Civil legal aid, meanwhile, increased from £36.9 million to £48.7 million. £23 million of last year’s budget was spent on cases brought under the Children (Northern Ireland) Order 1995.

Many of the current arrangements for civil legal aid were set down in 1965. The access to justice review found that a disproportionate number of lawyers were assigned to civil cases, whether or not their expertise was relevant.

The Department of Justice’s consultation started on 29 November and closes on 8 March.

No changes to eligibility for legal aid are being proposed. However, a solicitor would need to expressly seek authorisation if he or she wanted to instruct counsel. Applications are considered by the Northern Ireland Legal Services Commission’s adjudicators. Permission would only be granted if the issues involved in the case required a barrister’s expertise.

Barristers became regular participants in magistrates’ court family proceedings after 1995 as new points of law were arising. The department has concluded that this argument is no longer relevant, as the legislation has been in force for 16 years. It therefore plans to bar counsel from these courts apart from cases where serious child abuse is alleged.

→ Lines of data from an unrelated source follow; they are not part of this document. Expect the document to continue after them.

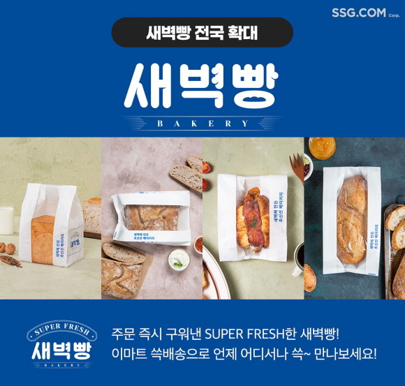 SSG닷컴은 신세계푸드에서 개발한 베이커리 상품을 이마트 매장에서 직접 구워낸 뒤 당일 쓱배송으로 고객에게 판매하는 '새벽빵' 서비스의 범위를 기존보다 넓혀 전국 81개 PP센터를 통해 실시한다. 다만 권역별로 배송 가능지역에 차이가 있으며, 배송이 불가한 경우에는 상품이 표시되지 않는다.
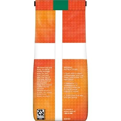 Offer customers, clients and staff a hot, soothing beverage with this decaf coffee. The medium roast delivers full-bodied flavor, and the 100-percent Arabica beans ensure quality with every pot you brew. The beans are already ground for fast, easy preparation. This Dunkin’ coffee is decaffeinated, so you can pour a mug any time you need to take a break from the workday.
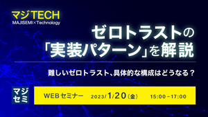 そこで本セミナーでは、ゼロトラストの実現のためには、どのようなカテゴリの製品をどのように組み合わせる必要があるのか、ゼロトラストの「実装パターン」について、わかりやすく解説します。 (注)ご紹介するのはあくまでも「考え方」であり、検証されている具体的な製品の組み合わせをご紹介するものではありません。ご了承ください。
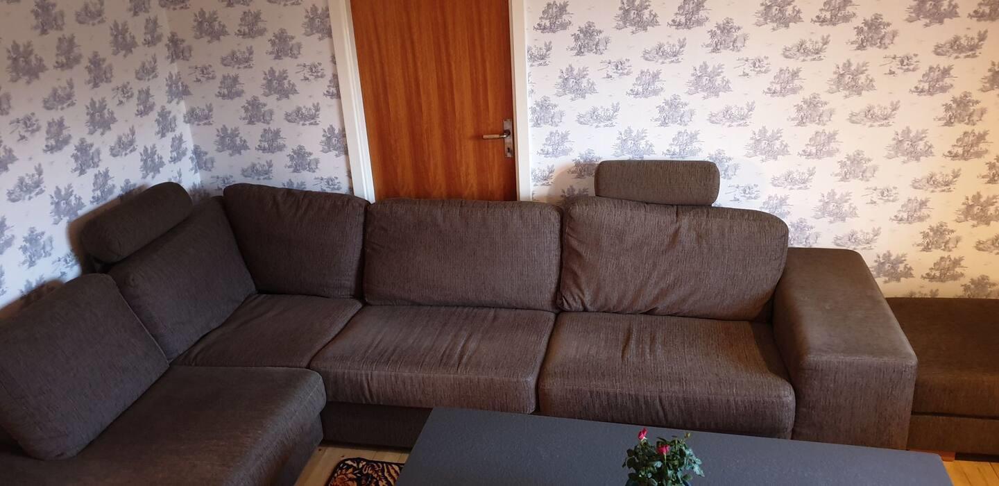 The large house consists of 2 apartments. There are a total of 5 bedrooms accommodating up to 15 people. There are 2 kitchens (the kitchen on the ground floor has a dishwasher), 2 bathrooms (one in each apartment). There is a TV lounge in the groundfloor as well as a living room on the upper floor. A washing machine is located in the basement.
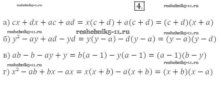 Готовая домашняя работа с ответами по Алгебре за 7 класс Миндюк, Шлыкова Рабочая тетрадь УМК Часть 1, 2 Просвещение 2017 ФГОС - §27. Разложение многочлена на множители способом группировки 4
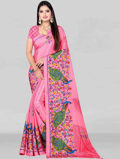 - » women's floral pink colored saree
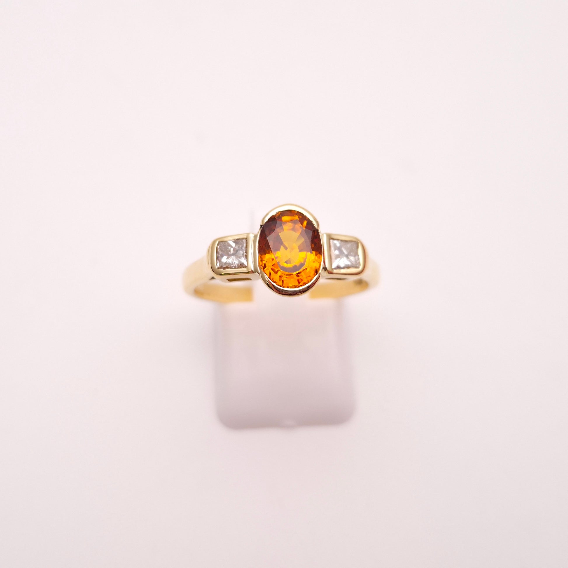 The ring features a timeless Trilogy design, symbolizing the past, present, and future. The centrepiece is a stunning oval-cut Orange Sapphire. The stone is semi bezel-set, meaning a polished gold rim encircles part of the stone, providing a smooth, contemporary look and excellent protection for the edges.

Junior counsel would still be allowed to represent clients in family care centres (county court hearings for family proceedings) but senior counsel would be barred at this level, unless exceptional circumstances existed.

An experienced solicitor may also be allowed to undertake cases at this level without any assistance from counsel. Remuneration for solicitors at this level would be raised, to reflect the additional work and responsibility.

High court family proceedings would, as a rule, only involve junior counsel. Senior counsel would be authorised only where complex matters of law or fact affect the applicant or the case is “wholly different from the norm”. The new rules for family proceedings in county courts and the high court would also apply to other civil cases at those levels.

Similar proposals in England and Wales will exclude QCs from family cases. The rules will take effect in April. David Ford estimates that his proposals will save £2.8-4.2 million per year.

However, Bar Council Chairman Mark Mulholland QC has said that the department’s “arbitrary” approach could undermine the ability of members of the public to use the justice system. “If you are in danger of losing your liberty, your children, your right to decide your own future, your livelihood, your home or your reputation, recourse to the law should be open to you,” he stated.

The Law Society met the Minister in January and will continue to lobby against further cut. “We took the opportunity to reiterate to the Minister our view that civil legal aid is a welfare benefit which is vitally important to the most vulnerable citizens in society,” its President, Michael Robinson, told agendaNi. Reducing that budget would “adversely impact on the ability of those most vulnerable and need within the community to access a solicitor of their choice.”